Content starts

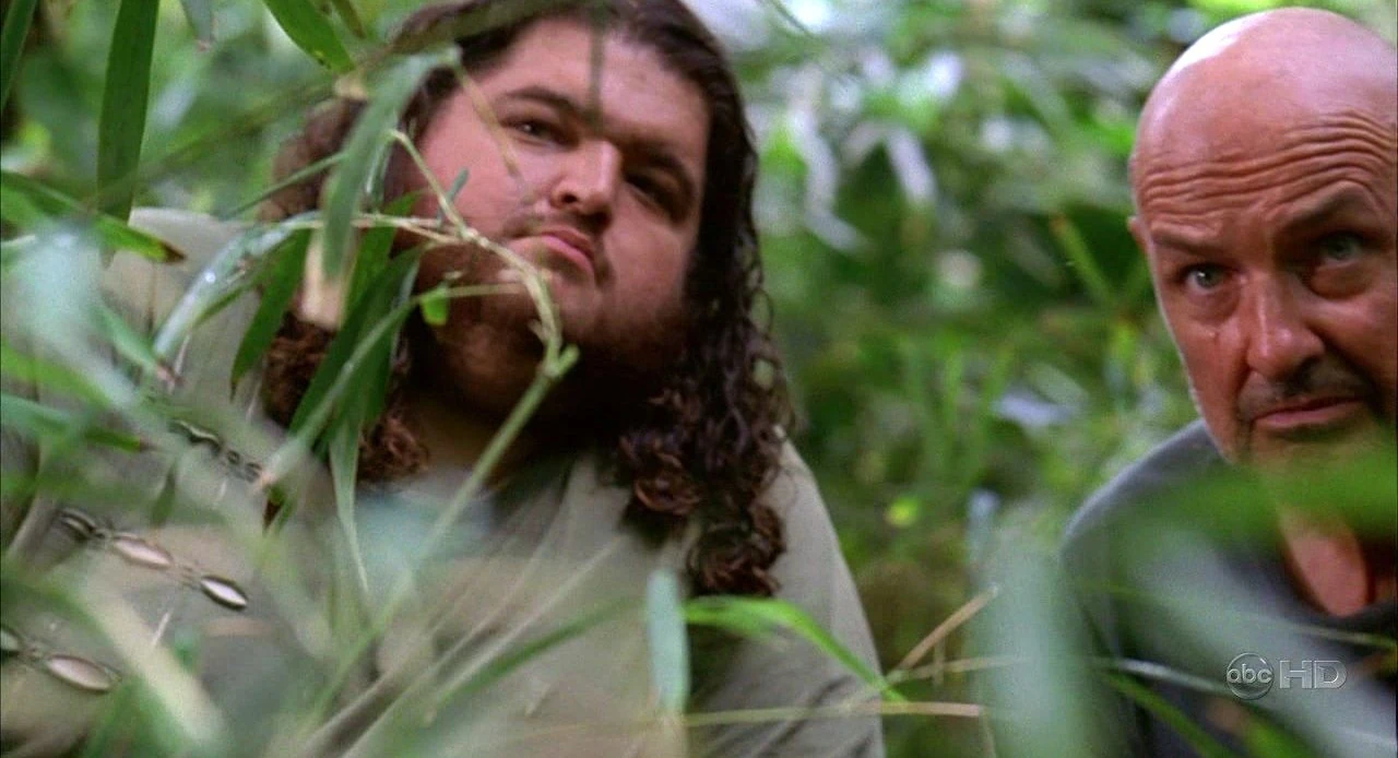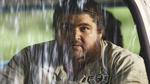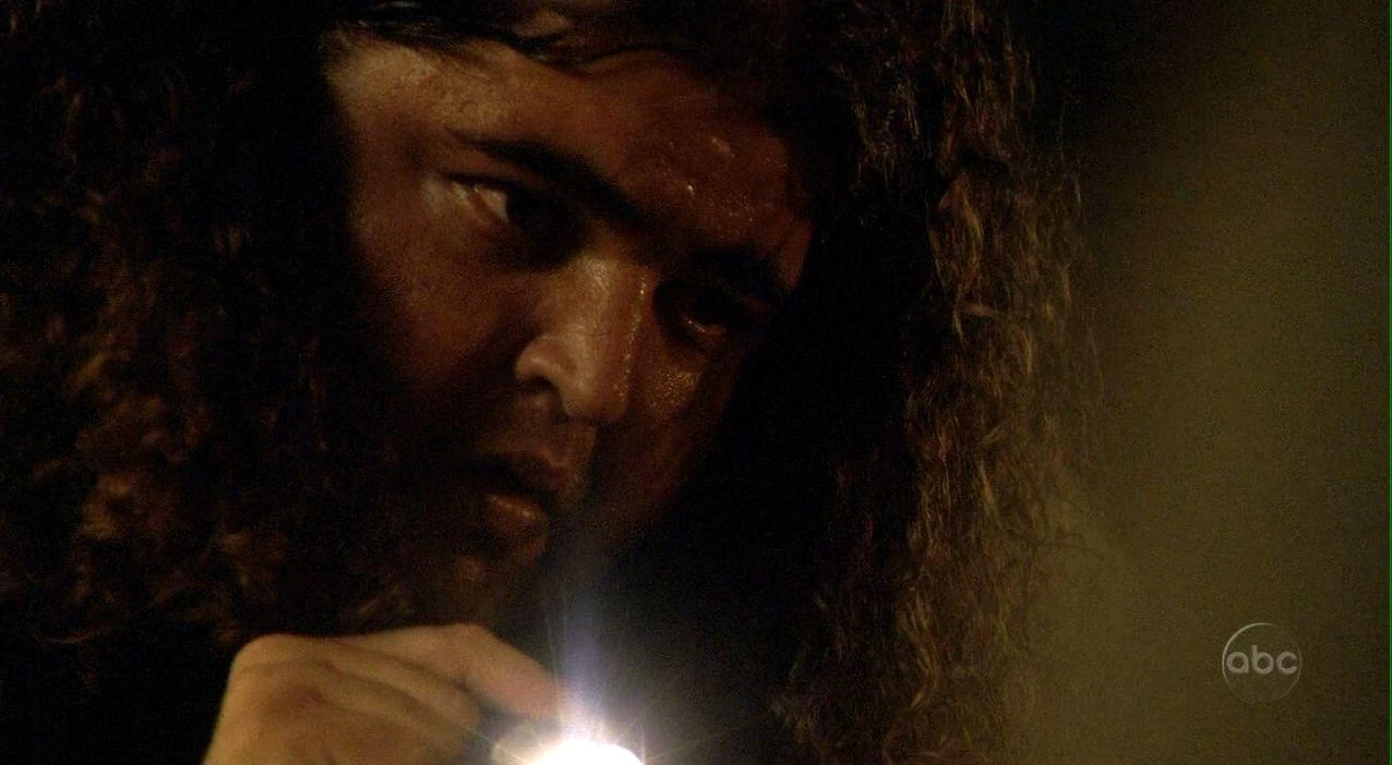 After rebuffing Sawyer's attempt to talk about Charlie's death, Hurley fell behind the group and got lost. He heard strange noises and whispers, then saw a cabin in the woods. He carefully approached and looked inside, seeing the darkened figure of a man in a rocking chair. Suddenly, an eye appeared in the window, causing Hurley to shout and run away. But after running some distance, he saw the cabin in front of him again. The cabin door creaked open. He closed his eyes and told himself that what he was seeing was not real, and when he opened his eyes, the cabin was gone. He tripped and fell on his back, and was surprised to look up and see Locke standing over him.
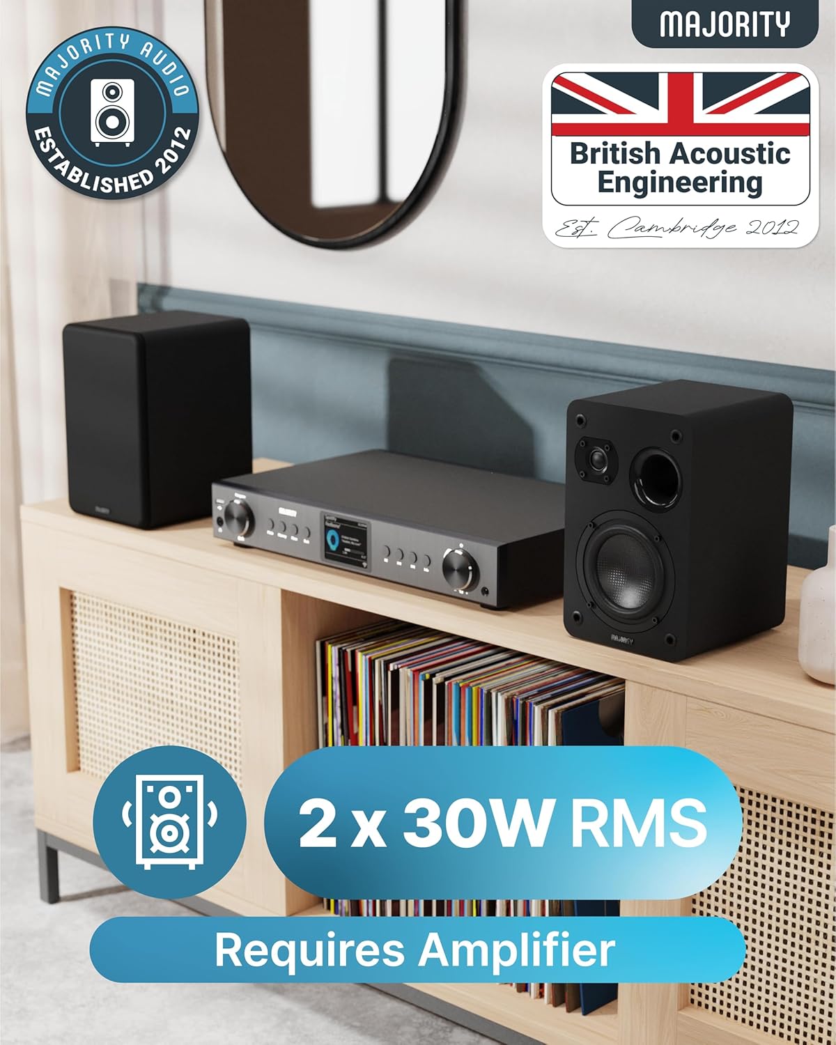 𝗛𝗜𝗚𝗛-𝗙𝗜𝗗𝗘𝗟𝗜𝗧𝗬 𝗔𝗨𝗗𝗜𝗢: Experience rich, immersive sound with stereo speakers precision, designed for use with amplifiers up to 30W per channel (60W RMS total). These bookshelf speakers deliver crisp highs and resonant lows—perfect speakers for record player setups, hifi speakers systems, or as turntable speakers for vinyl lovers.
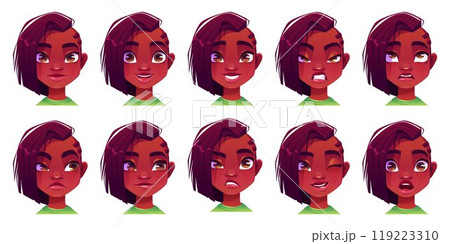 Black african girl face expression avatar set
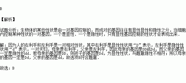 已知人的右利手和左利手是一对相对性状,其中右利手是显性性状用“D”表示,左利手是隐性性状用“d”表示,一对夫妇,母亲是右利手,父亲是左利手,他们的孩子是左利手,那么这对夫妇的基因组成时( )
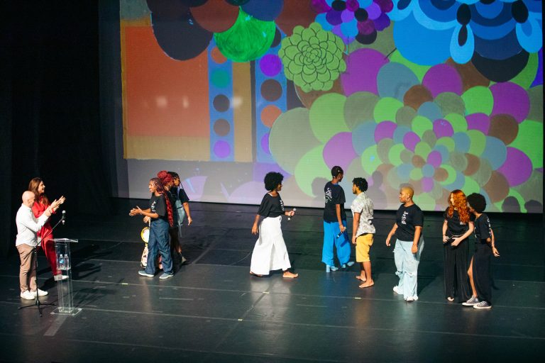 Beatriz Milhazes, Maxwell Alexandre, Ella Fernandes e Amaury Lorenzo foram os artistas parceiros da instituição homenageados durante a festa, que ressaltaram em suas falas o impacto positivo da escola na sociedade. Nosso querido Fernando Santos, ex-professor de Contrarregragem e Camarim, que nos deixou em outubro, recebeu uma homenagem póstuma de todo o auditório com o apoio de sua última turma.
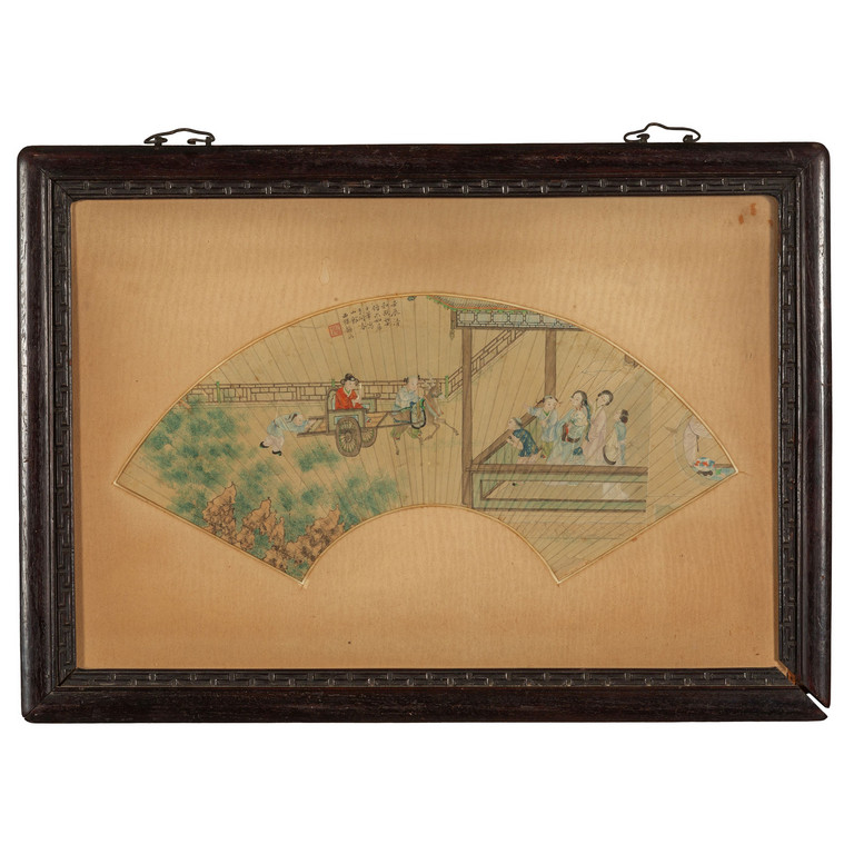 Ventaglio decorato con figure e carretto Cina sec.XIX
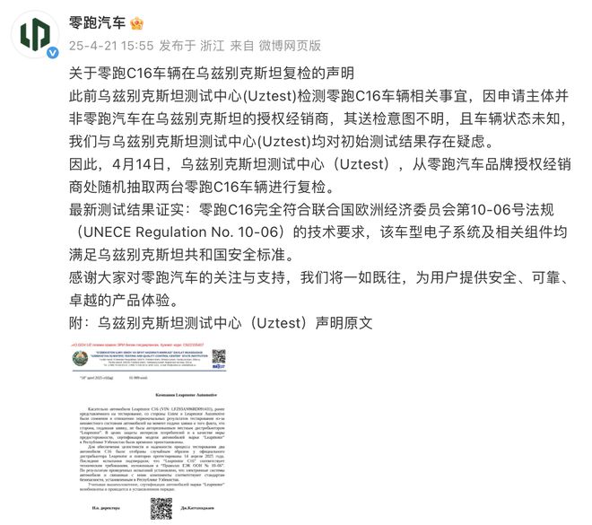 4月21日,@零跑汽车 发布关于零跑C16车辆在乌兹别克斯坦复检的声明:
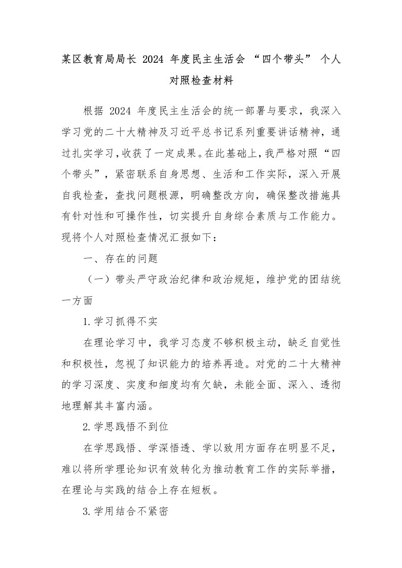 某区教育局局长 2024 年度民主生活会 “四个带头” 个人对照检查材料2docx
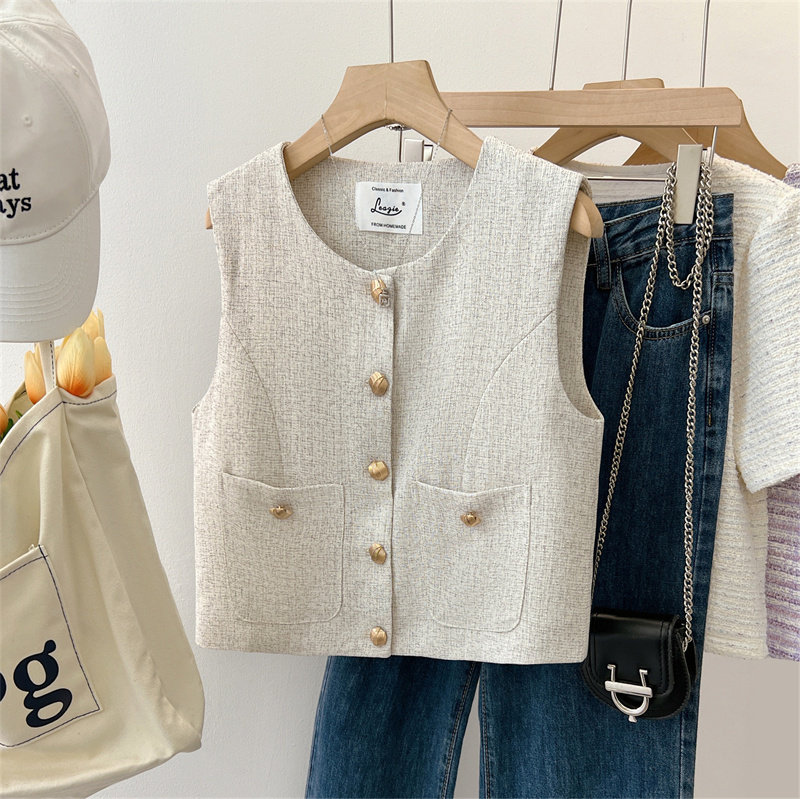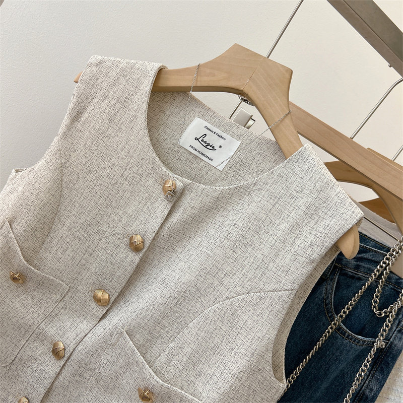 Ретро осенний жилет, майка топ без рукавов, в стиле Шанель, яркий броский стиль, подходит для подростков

Content ends

_Exercise prompt:_ Include the first line of the records, the line containing "Black african girl", and every line between them, repeated exactly. Skip the pictures.

_Solution for this task:_
 After rebuffing Sawyer's attempt to talk about Charlie's death, Hurley fell behind the group and got lost. He heard strange noises and whispers, then saw a cabin in the woods. He carefully approached and looked inside, seeing the darkened figure of a man in a rocking chair. Suddenly, an eye appeared in the window, causing Hurley to shout and run away. But after running some distance, he saw the cabin in front of him again. The cabin door creaked open. He closed his eyes and told himself that what he was seeing was not real, and when he opened his eyes, the cabin was gone. He tripped and fell on his back, and was surprised to look up and see Locke standing over him.
 𝗛𝗜𝗚𝗛-𝗙𝗜𝗗𝗘𝗟𝗜𝗧𝗬 𝗔𝗨𝗗𝗜𝗢: Experience rich, immersive sound with stereo speakers precision, designed for use with amplifiers up to 30W per channel (60W RMS total). These bookshelf speakers deliver crisp highs and resonant lows—perfect speakers for record player setups, hifi speakers systems, or as turntable speakers for vinyl lovers.
 Black african girl face expression avatar set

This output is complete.